§ TRY IT
Please return the lines of the data that contain "come".

§ INPUT MATERIAL
━━━━━━━━━━

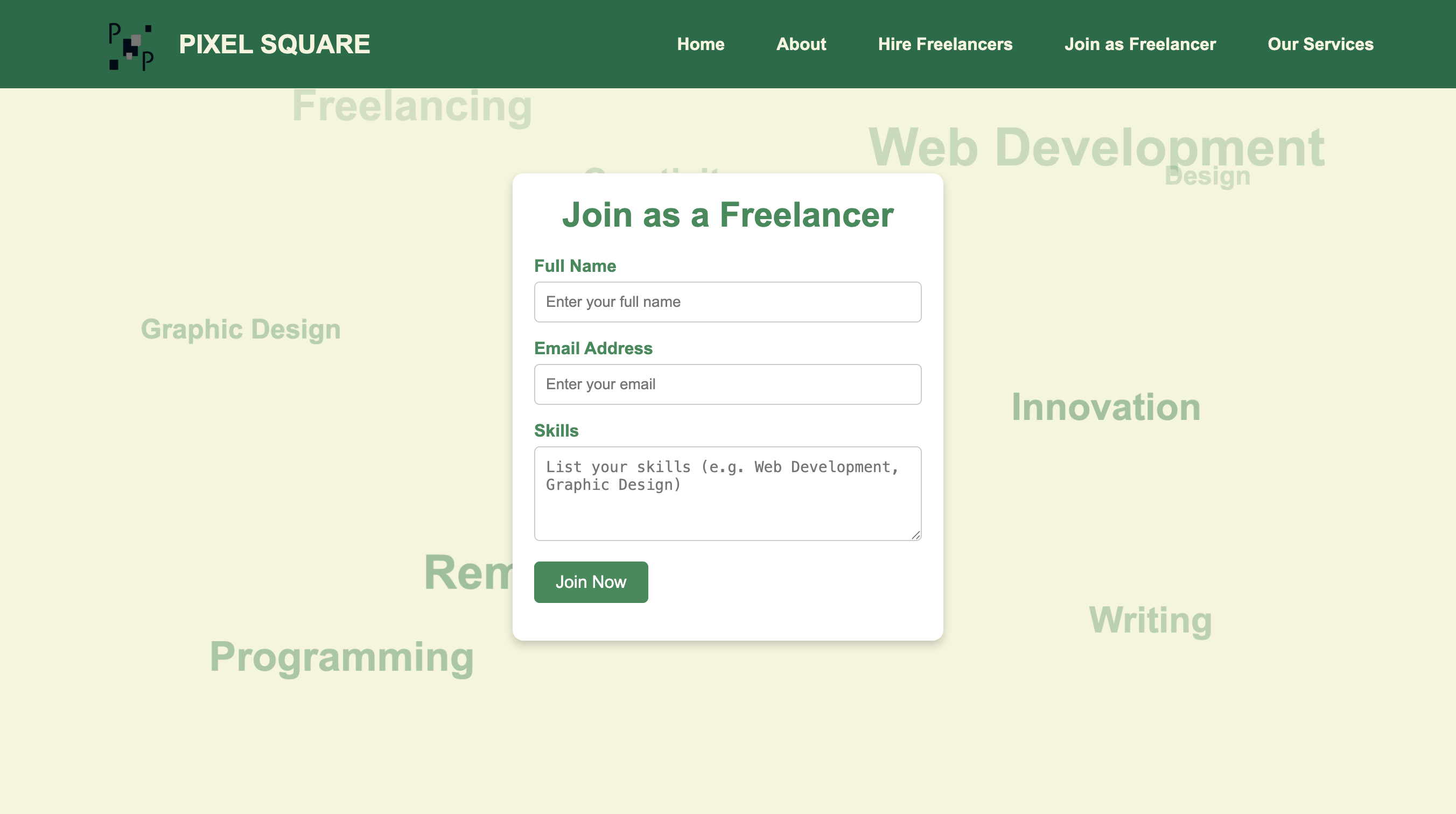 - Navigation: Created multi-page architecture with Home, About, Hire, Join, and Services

━━━━━━━━━━

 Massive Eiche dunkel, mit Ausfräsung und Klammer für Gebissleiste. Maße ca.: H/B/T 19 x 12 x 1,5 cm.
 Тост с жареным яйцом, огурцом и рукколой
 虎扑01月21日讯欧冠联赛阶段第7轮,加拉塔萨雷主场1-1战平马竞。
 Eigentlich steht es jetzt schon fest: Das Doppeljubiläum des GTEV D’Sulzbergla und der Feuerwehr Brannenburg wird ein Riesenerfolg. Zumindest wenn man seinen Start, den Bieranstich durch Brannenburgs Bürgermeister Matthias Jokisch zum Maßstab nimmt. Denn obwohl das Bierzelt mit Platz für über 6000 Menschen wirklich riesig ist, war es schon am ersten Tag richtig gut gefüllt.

━━━━━━━━━━

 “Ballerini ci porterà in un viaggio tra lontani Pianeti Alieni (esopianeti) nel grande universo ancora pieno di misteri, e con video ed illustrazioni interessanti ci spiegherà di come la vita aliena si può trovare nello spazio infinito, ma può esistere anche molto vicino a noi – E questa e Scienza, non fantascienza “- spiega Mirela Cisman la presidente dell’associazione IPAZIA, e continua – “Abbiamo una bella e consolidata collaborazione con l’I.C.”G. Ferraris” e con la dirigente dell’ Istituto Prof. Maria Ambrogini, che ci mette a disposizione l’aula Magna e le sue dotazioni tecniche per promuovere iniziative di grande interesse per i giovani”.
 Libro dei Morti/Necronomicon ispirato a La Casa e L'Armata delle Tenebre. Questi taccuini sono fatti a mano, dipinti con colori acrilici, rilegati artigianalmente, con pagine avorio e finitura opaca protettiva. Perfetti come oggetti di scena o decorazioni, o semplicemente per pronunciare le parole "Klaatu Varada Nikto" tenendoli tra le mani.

━━━━━━━━━━

§ OUTPUT OF THE EXERCISE
 “Ballerini ci porterà in un viaggio tra lontani Pianeti Alieni (esopianeti) nel grande universo ancora pieno di misteri, e con video ed illustrazioni interessanti ci spiegherà di come la vita aliena si può trovare nello spazio infinito, ma può esistere anche molto vicino a noi – E questa e Scienza, non fantascienza “- spiega Mirela Cisman la presidente dell’associazione IPAZIA, e continua – “Abbiamo una bella e consolidata collaborazione con l’I.C.”G. Ferraris” e con la dirigente dell’ Istituto Prof. Maria Ambrogini, che ci mette a disposizione l’aula Magna e le sue dotazioni tecniche per promuovere iniziative di grande interesse per i giovani”.
 Libro dei Morti/Necronomicon ispirato a La Casa e L'Armata delle Tenebre. Questi taccuini sono fatti a mano, dipinti con colori acrilici, rilegati artigianalmente, con pagine avorio e finitura opaca protettiva. Perfetti come oggetti di scena o decorazioni, o semplicemente per pronunciare le parole "Klaatu Varada Nikto" tenendoli tra le mani.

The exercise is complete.